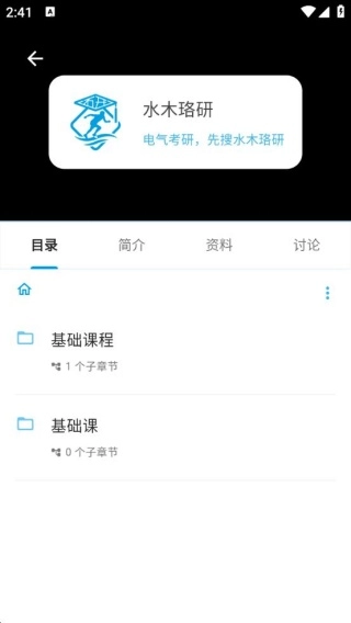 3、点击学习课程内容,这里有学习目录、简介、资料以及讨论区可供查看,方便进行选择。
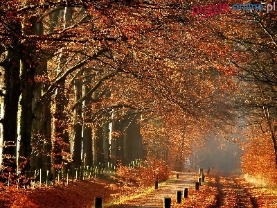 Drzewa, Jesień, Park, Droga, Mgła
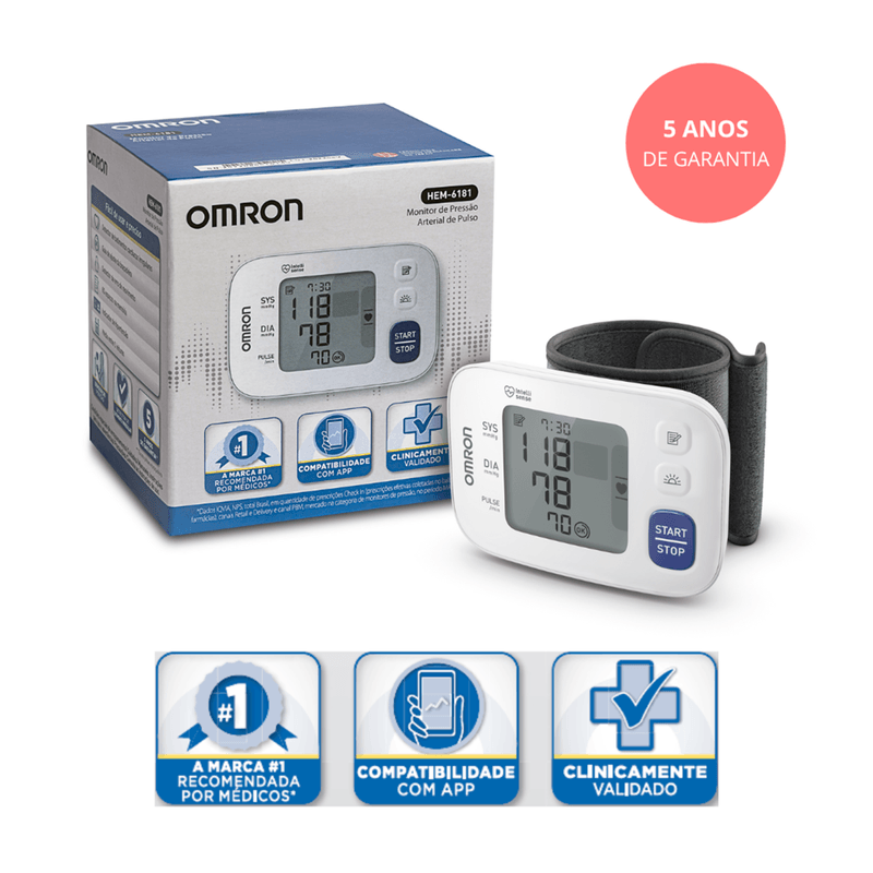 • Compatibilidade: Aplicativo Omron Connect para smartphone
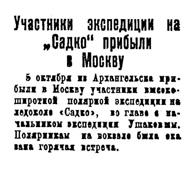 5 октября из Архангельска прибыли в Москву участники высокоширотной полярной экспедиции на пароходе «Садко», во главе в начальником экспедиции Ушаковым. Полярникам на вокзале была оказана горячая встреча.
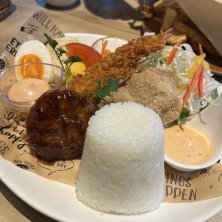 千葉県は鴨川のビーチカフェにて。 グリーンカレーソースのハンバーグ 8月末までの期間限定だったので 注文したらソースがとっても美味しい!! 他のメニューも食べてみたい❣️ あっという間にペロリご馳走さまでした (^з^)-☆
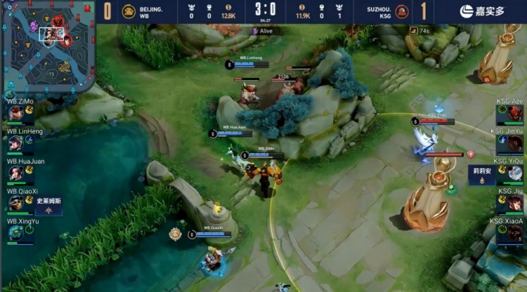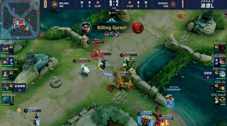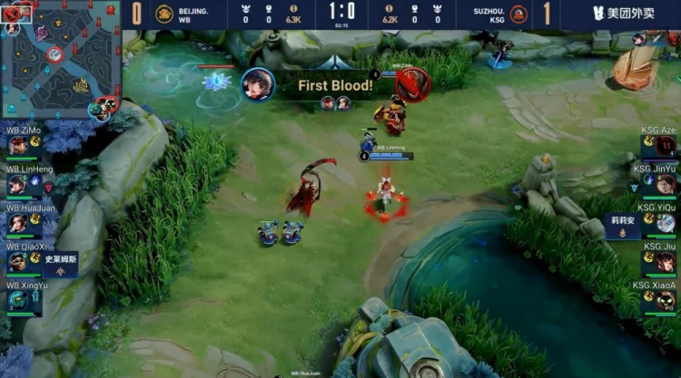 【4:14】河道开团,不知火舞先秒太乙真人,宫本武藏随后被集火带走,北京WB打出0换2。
※ ※ ※
Retype the whole of the data verbatim. Skip every picture.

 3、点击学习课程内容,这里有学习目录、简介、资料以及讨论区可供查看,方便进行选择。
 Drzewa, Jesień, Park, Droga, Mgła
 • Compatibilidade: Aplicativo Omron Connect para smartphone
 5 октября из Архангельска прибыли в Москву участники высокоширотной полярной экспедиции на пароходе «Садко», во главе в начальником экспедиции Ушаковым. Полярникам на вокзале была оказана горячая встреча.
 千葉県は鴨川のビーチカフェにて。 グリーンカレーソースのハンバーグ 8月末までの期間限定だったので 注文したらソースがとっても美味しい!! 他のメニューも食べてみたい❣️ あっという間にペロリご馳走さまでした (^з^)-☆
 【4:14】河道开团,不知火舞先秒太乙真人,宫本武藏随后被集火带走,北京WB打出0换2。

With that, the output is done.